Professor of Anthropology

College of Letters and Science | Department of Anthropology

Hometown: Salt Lake City, UT

Sarah Clayton is an archaeologist who studies the growth and decline of the world’s earliest urban capitals and their impacts on surrounding landscapes and communities. She conducts field research in Mexico, where she investigates everyday life and social change at Teotihuacan, a UNESCO World Heritage Site that was the largest city of its time in the Americas. Rural-urban interaction, migration, and identity are major themes of her work. She is currently director of the Chicoloapan Archaeological Project, which examines community formation, land use, and resilience in association with the collapse of a regional state. Clayton’s research is supported by the National Science Foundation and conducted in collaboration with local community members and researchers from Mexico, the U.S., and France. She has been with UW-Madison since 2010.

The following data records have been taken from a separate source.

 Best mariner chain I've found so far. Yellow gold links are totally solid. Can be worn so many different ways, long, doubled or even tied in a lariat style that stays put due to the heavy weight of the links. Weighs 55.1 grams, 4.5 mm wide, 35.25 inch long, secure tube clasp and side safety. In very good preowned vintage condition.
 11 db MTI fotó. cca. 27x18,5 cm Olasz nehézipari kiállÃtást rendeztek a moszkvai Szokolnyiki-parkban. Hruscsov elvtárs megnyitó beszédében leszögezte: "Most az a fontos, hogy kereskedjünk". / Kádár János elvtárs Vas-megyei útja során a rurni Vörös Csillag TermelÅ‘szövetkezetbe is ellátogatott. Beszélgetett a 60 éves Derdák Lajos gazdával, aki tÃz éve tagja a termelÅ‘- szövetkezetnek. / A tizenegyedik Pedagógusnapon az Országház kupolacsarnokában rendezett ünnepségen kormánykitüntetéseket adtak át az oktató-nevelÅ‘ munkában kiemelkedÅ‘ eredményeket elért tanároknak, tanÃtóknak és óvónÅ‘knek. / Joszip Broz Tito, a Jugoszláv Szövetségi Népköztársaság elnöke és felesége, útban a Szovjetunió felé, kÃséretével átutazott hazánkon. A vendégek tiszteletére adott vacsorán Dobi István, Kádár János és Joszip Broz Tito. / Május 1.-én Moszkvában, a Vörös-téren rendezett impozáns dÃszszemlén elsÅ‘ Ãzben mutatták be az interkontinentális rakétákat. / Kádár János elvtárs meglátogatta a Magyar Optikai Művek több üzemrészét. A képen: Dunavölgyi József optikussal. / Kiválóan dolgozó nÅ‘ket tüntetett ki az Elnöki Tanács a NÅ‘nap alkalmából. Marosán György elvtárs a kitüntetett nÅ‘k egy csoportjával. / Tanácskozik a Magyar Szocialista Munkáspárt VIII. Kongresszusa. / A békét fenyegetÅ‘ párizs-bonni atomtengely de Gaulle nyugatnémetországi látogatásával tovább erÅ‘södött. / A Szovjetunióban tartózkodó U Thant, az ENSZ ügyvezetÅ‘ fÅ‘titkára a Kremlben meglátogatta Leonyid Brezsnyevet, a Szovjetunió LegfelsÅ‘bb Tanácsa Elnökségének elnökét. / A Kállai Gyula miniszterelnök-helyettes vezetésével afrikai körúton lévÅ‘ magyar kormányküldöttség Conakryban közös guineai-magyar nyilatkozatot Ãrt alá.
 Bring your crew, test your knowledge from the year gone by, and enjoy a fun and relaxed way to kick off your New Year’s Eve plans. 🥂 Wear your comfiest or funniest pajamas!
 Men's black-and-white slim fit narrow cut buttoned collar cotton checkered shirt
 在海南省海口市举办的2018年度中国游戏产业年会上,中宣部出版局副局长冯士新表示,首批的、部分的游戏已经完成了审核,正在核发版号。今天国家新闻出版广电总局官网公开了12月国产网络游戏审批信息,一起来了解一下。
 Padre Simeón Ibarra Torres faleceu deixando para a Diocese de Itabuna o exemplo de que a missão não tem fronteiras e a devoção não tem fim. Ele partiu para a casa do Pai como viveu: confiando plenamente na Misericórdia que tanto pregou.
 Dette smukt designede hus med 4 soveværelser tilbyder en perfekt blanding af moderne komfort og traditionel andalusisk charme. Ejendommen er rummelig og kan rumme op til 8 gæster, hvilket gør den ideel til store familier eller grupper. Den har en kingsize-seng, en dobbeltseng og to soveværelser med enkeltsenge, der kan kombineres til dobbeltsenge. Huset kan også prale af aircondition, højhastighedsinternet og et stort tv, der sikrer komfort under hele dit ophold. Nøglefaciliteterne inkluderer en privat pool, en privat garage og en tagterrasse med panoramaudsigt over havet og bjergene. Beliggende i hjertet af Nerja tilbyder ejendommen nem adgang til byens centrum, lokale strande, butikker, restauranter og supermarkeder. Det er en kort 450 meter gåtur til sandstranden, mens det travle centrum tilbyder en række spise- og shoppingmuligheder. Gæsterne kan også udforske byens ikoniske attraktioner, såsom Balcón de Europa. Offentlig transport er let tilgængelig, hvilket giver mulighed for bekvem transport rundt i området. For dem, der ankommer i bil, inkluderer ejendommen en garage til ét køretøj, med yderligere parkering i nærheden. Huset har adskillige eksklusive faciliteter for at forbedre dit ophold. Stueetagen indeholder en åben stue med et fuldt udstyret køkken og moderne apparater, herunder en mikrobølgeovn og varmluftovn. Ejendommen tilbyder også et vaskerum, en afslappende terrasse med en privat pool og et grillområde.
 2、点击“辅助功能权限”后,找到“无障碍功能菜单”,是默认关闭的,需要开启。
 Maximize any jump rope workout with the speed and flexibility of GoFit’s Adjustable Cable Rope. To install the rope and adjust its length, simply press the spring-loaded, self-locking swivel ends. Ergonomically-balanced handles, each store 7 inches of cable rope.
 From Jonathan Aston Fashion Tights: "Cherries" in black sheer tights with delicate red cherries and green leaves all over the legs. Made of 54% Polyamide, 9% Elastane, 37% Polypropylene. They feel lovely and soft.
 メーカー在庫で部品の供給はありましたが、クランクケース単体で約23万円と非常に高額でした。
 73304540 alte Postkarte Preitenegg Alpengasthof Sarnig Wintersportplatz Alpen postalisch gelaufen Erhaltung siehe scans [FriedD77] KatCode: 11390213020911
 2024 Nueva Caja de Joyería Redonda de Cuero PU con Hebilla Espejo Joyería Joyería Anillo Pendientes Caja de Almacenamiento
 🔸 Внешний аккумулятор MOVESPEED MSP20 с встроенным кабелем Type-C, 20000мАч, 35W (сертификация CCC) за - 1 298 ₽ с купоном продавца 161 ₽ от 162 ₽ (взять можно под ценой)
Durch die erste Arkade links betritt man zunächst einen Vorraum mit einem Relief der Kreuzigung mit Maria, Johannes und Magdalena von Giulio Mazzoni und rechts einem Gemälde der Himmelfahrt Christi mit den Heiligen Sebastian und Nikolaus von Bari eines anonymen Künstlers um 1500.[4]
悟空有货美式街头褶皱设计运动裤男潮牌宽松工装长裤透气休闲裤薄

Dr. Clayton prefers in-person talks only.

Talks:

Everyday life after the fall of Teotihuacan

How do local communities respond when state systems break down and powerful capitals are abandoned? This talk highlights current research at Chicoloapan, Mexico, where archaeology, remote sensing, and paleoenvironmental analyses are integrated to reconstruct everyday life after Teotihuacan’s collapse and to understand the ways in which people rebuild sustainable communities.